> **Source material**:
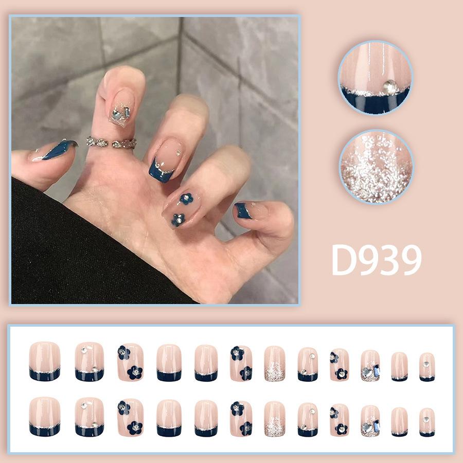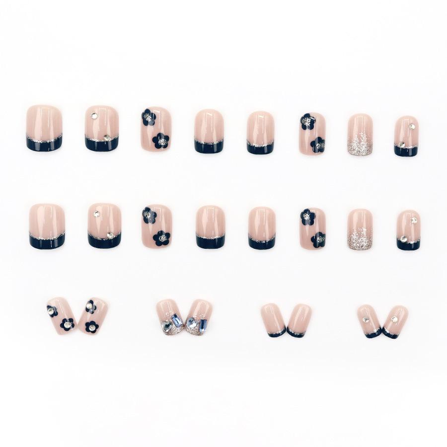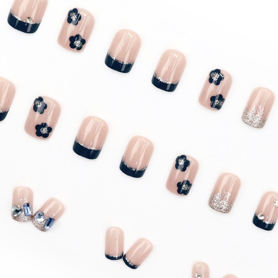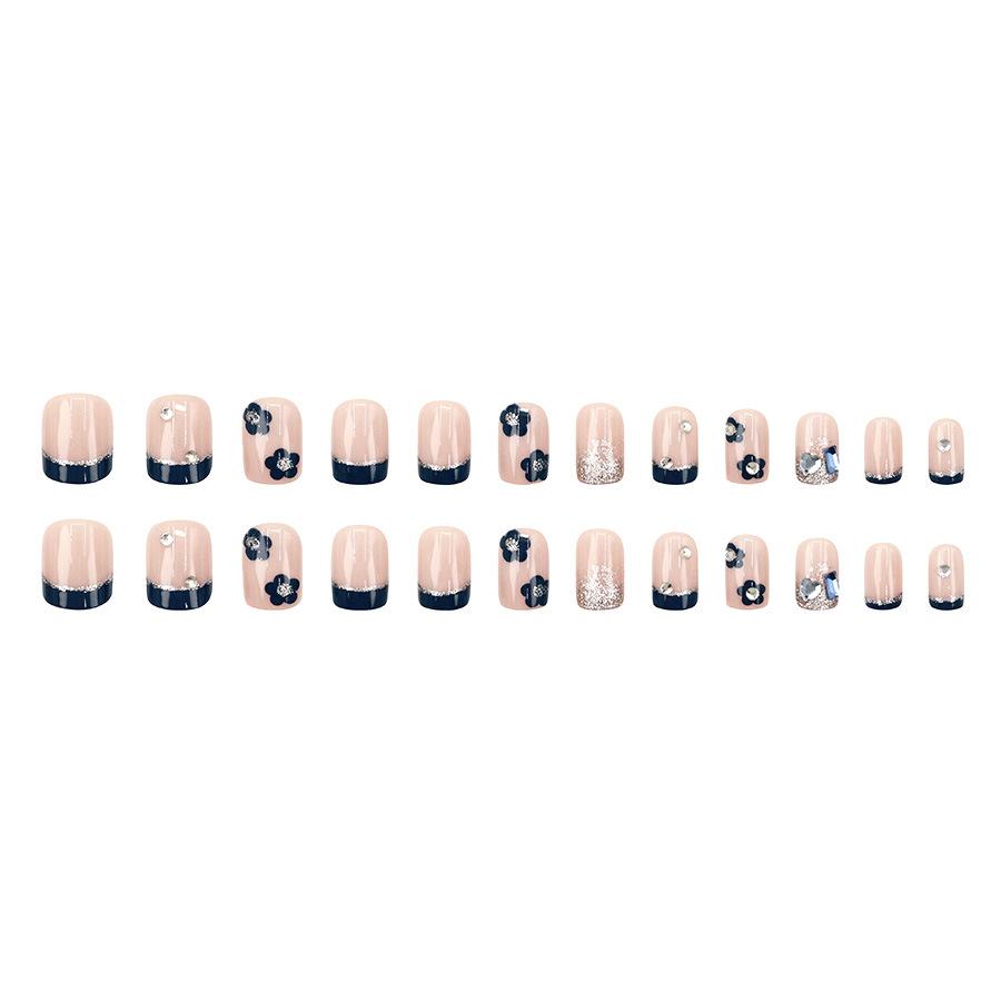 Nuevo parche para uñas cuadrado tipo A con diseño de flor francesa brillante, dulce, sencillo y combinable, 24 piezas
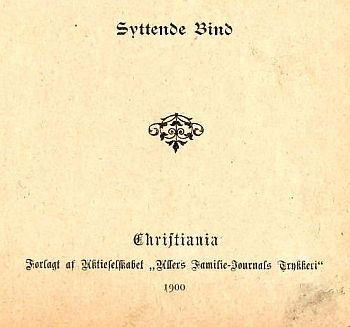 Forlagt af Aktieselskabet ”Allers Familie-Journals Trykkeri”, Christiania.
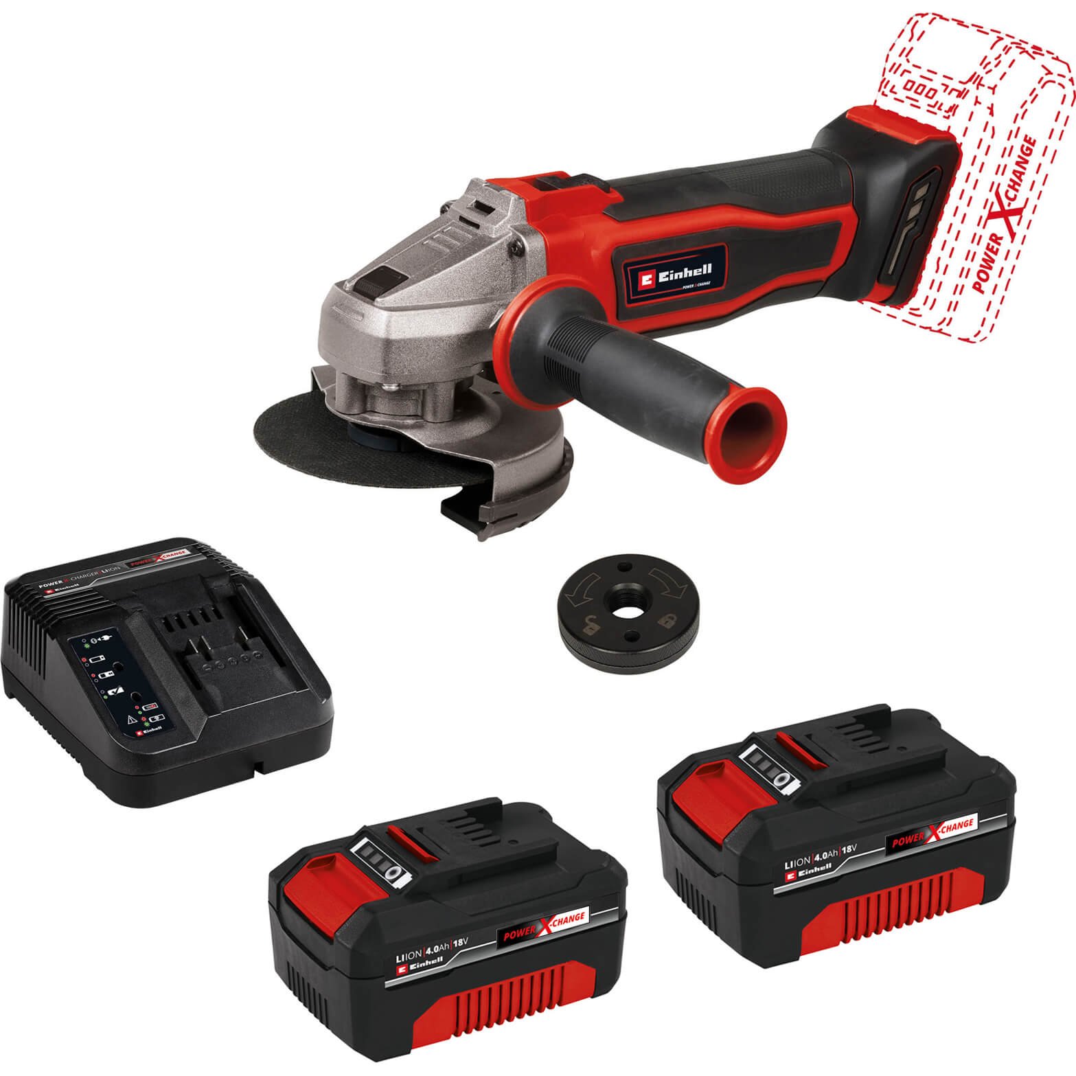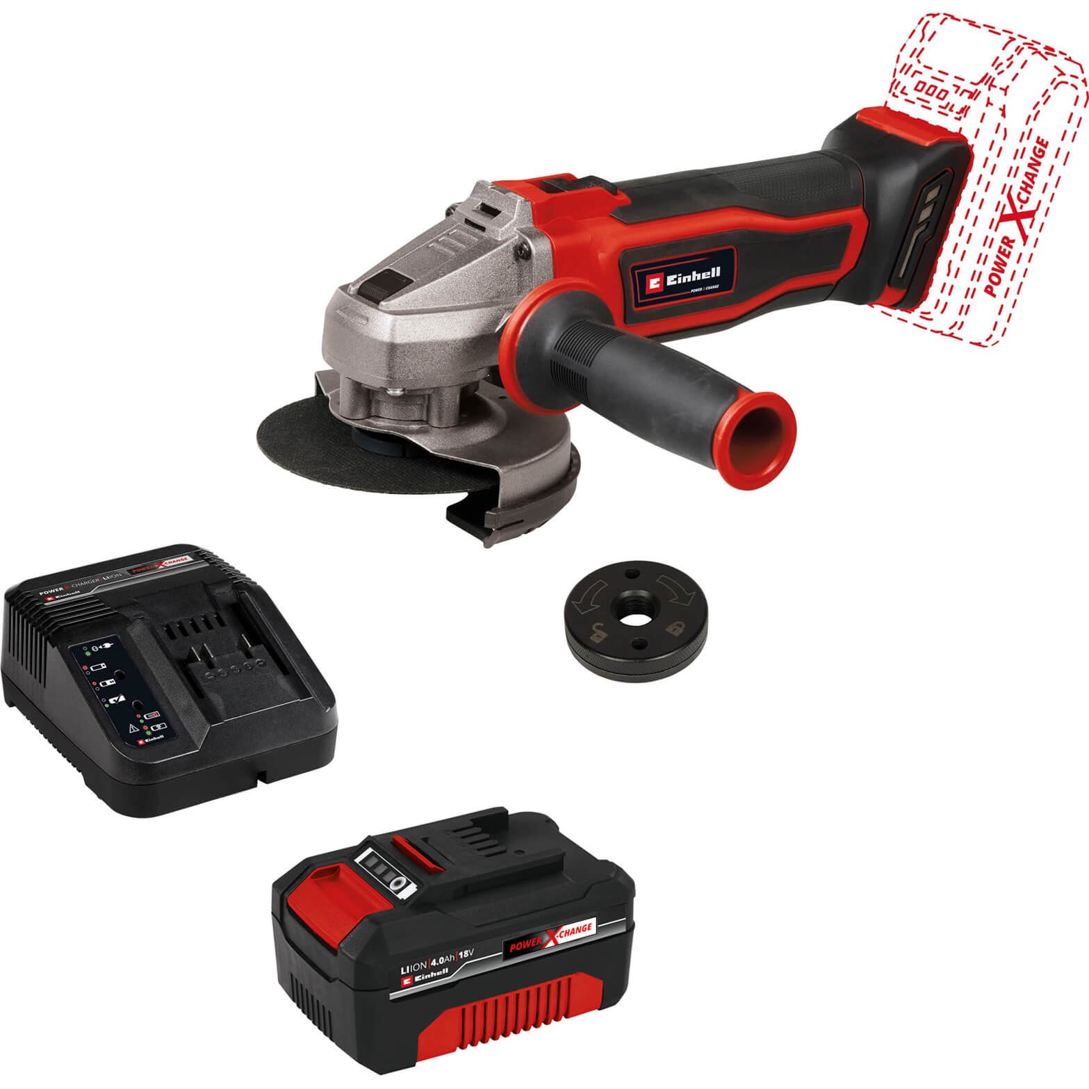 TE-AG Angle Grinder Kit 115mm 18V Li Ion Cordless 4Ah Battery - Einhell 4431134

---

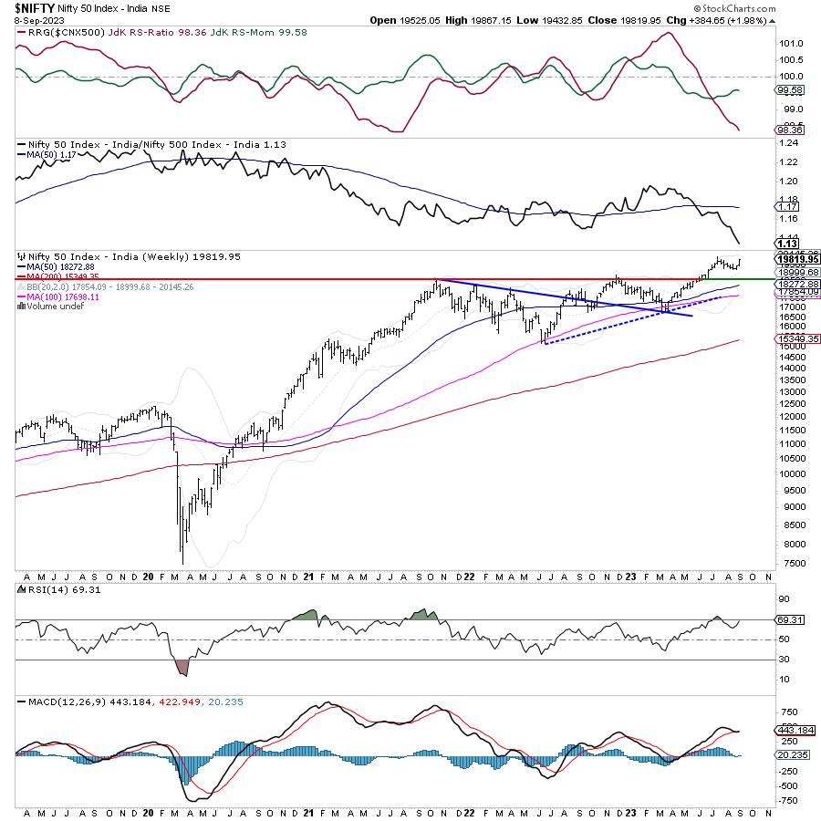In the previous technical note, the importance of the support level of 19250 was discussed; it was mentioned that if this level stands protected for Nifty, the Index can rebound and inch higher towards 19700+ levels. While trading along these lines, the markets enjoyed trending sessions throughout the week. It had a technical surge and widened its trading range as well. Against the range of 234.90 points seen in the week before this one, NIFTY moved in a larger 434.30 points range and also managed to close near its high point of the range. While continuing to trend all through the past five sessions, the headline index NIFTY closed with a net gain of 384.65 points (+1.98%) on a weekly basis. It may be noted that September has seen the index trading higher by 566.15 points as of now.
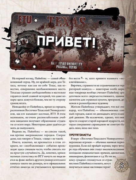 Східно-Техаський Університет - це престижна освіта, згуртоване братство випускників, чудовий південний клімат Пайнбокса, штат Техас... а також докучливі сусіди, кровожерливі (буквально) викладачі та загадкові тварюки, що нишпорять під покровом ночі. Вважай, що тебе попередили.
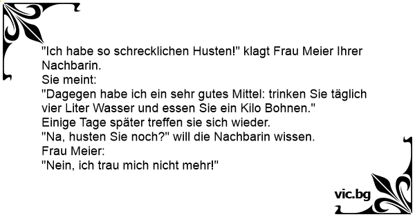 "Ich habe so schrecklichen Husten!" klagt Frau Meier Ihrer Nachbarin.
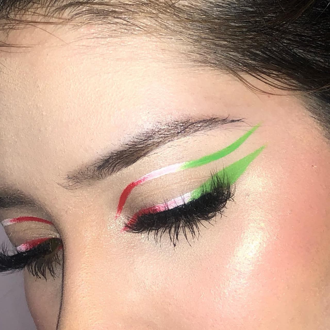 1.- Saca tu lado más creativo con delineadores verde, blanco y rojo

> **What to do**: Within the listing above, the lines starting at the one containing "Meier Ihrer Nachbarin." and ending at the one containing "1.- Saca tu" are to be returned exactly. Omit the pictures.

> **Reply to the exercise**:
 "Ich habe so schrecklichen Husten!" klagt Frau Meier Ihrer Nachbarin.
 1.- Saca tu lado más creativo con delineadores verde, blanco y rojo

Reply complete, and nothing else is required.